What to do
From the listing below, output the lines between the one with "This shirt celebrates" and the one with "Відкриється ваша стрічка.", including those two, and nothing else. Pictures are not copied.

Given data
□ □ □

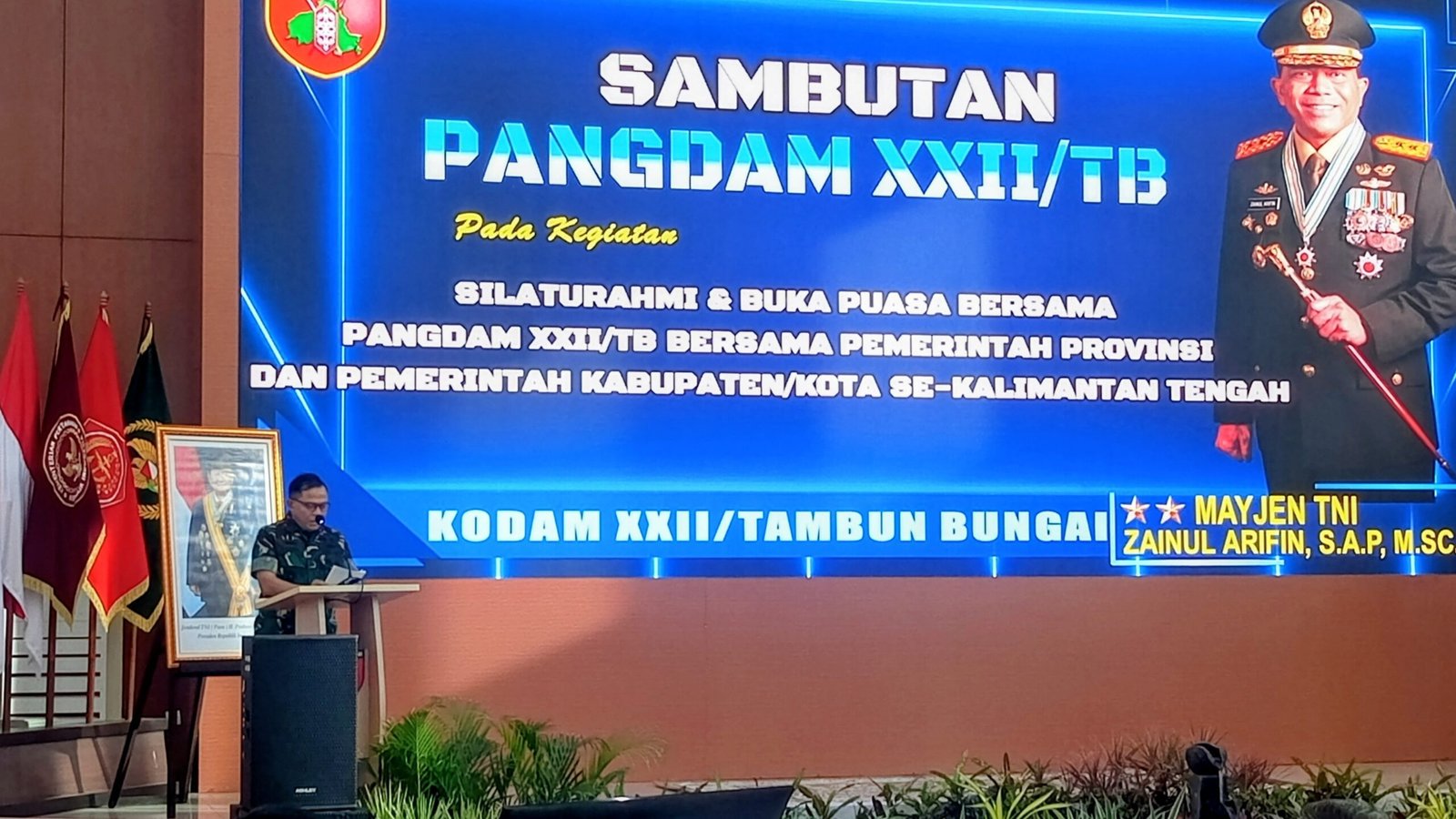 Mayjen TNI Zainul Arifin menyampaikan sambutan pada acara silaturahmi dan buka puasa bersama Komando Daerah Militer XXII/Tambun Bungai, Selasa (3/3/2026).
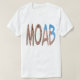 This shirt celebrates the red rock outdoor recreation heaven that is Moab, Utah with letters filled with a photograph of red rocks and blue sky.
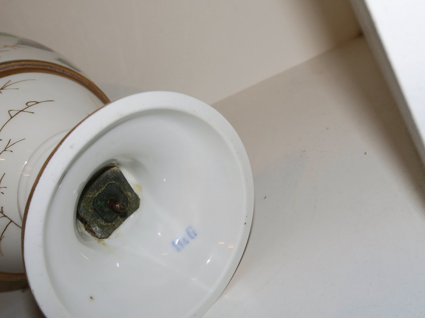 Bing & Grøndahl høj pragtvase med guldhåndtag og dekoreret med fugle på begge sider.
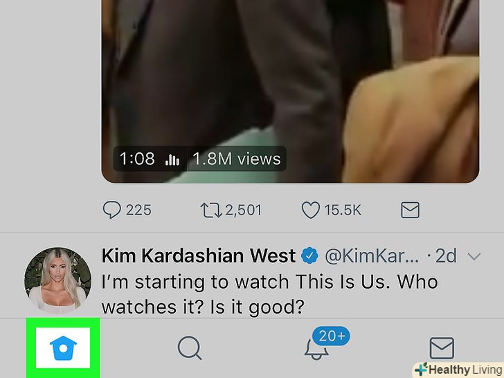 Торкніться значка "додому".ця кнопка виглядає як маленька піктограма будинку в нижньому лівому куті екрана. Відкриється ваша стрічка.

□ □ □

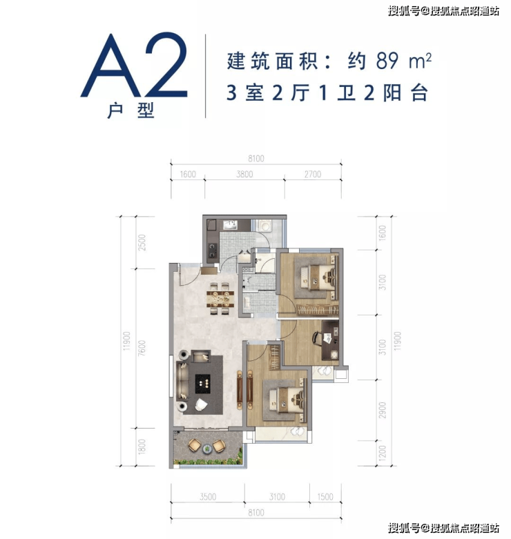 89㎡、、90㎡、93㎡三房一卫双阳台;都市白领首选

□ □ □

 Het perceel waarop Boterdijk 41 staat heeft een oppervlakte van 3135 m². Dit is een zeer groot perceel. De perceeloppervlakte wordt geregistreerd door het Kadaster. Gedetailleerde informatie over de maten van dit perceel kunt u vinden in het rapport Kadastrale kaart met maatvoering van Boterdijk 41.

□ □ □

Response area
 This shirt celebrates the red rock outdoor recreation heaven that is Moab, Utah with letters filled with a photograph of red rocks and blue sky.
 Bing & Grøndahl høj pragtvase med guldhåndtag og dekoreret med fugle på begge sider.
 Торкніться значка "додому".ця кнопка виглядає як маленька піктограма будинку в нижньому лівому куті екрана. Відкриється ваша стрічка.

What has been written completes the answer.